I felt empty and alone, and my abandonment and security issues were full throttle (or 'wide open' as they say up here.) The things I was using to 'help' were doing anything but, and I really had no interest in my own well being. I was just sleepwalking.
I couldn't make sense in my head how 5 year olds and 20 year olds and 16 year olds could just be gone. I didn't know why I had been given a miracle of 'making it through' situations and people and illness that should have killed me a dozen times over.
I gave up on life. I couldn't even deal with the memories of the dead and gone anymore; I was too easily overwhelmed by the loss. It made me want to be here 'alone' even less. I took down pictures. I boxed up personal gifts and cards and letters. I didn't want any reminders that I had been open and vulnerable and hurt. I lived like a refugee, much to Tom Petty's distress.
The week before my 25th birthday, my adoptive father died in front of me in his home, where I was living at the time. I watched with a mix of detachment and satisfaction and horror as his body twitched and turned blue. My Mother was on the phone with 911, and when they arrived and started working on him (for her benefit) I knew he was gone. His abdomen was so puffed up from all the air they were pumping into him, and you could read their expressions. The ride to and from the hospital that night was the longest I have ever had. I gave his eulogy, too, although I'm sure many were stunned by the fact.
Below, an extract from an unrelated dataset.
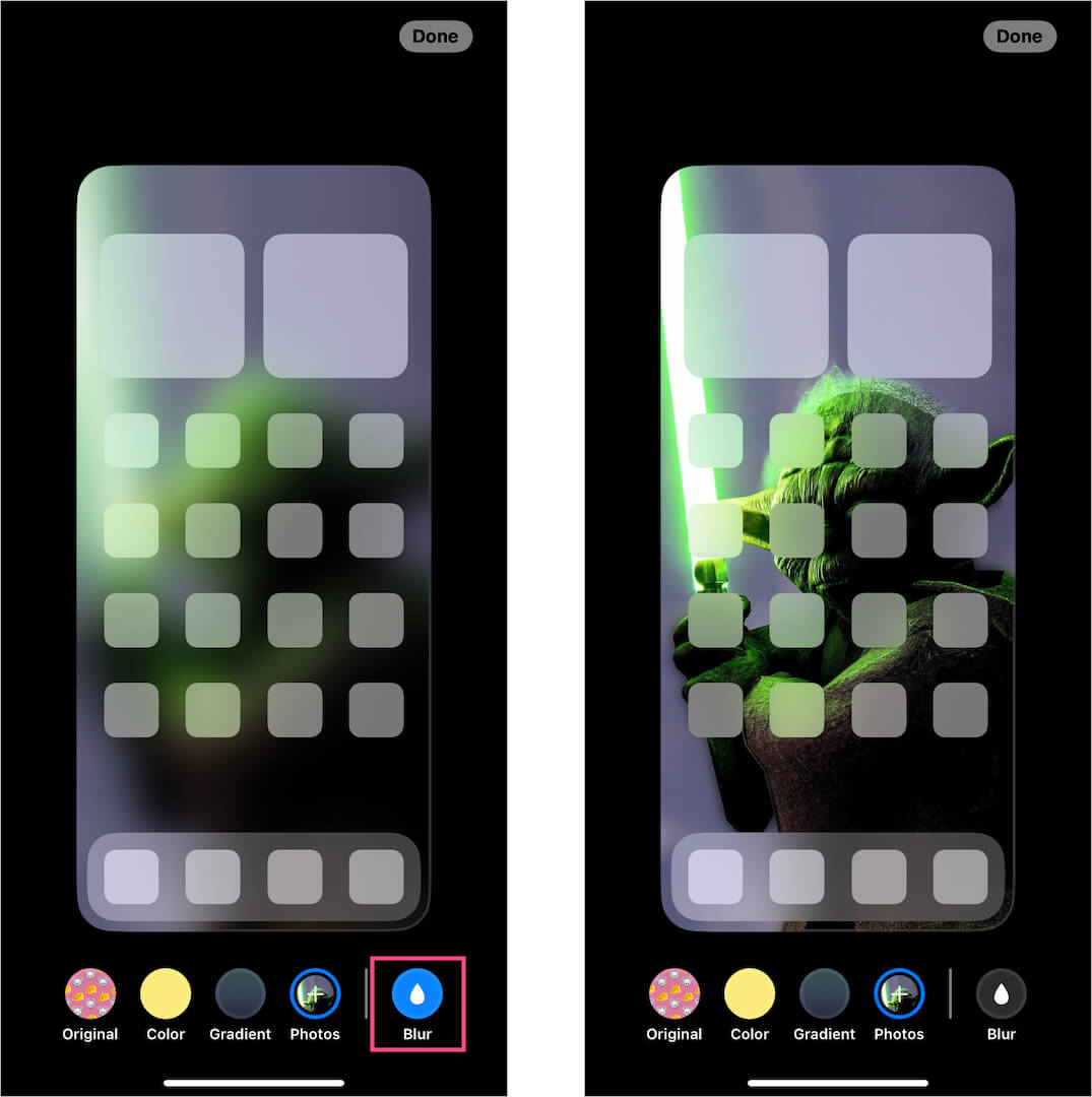 - 點擊“模糊最右側的“圖標可消除當前主屏幕上的模糊。您可以在上方看到更改。

(The day after the funeral, I was in a bad car accident which re-injured all my knee and hip problems from the first. I really thought it was going to be the 'One,' but once again...)
I continued to see loss around me all the time, and my sense of it being a disproportionate part of my life remained a painful assumption, rather than a learning opportunity.
After making contact with my birth family, I became close to several members and we have remained so. I have lost several of them in a relatively short period of time, including a great aunt, an uncle, a cousin, a second cousin and more. But I gained a lot of strength from my one Aunt, who is adept at living life 'on life's terms.' She grieves, she questions, she hurts, and then, at the end of the day, she moves on with life. It takes strength, courage, work, a positive outlook and chutzpah, but you do what has to be done. And you don't forget the dead.
Several of the older women that I looked in on and cared for passed in the time after I moved up to Southwest Georgia. Just a part of things, but sometimes seeing someone so regularly at the end of their journey, knowing it's coming, can be a strange sensation.
Two years ago, I experienced a loss which turned me upside down. I felt pain and heartache like I have never known. And it started me on a (further) downward spiral that lasted nearly all of those two years, leading to the point where I truly believed the only answer was to take my own life. This time, not in an emotional fit or a half-witted stab, but as a legitimate, well planned decision that would be carefully executed every step of the way.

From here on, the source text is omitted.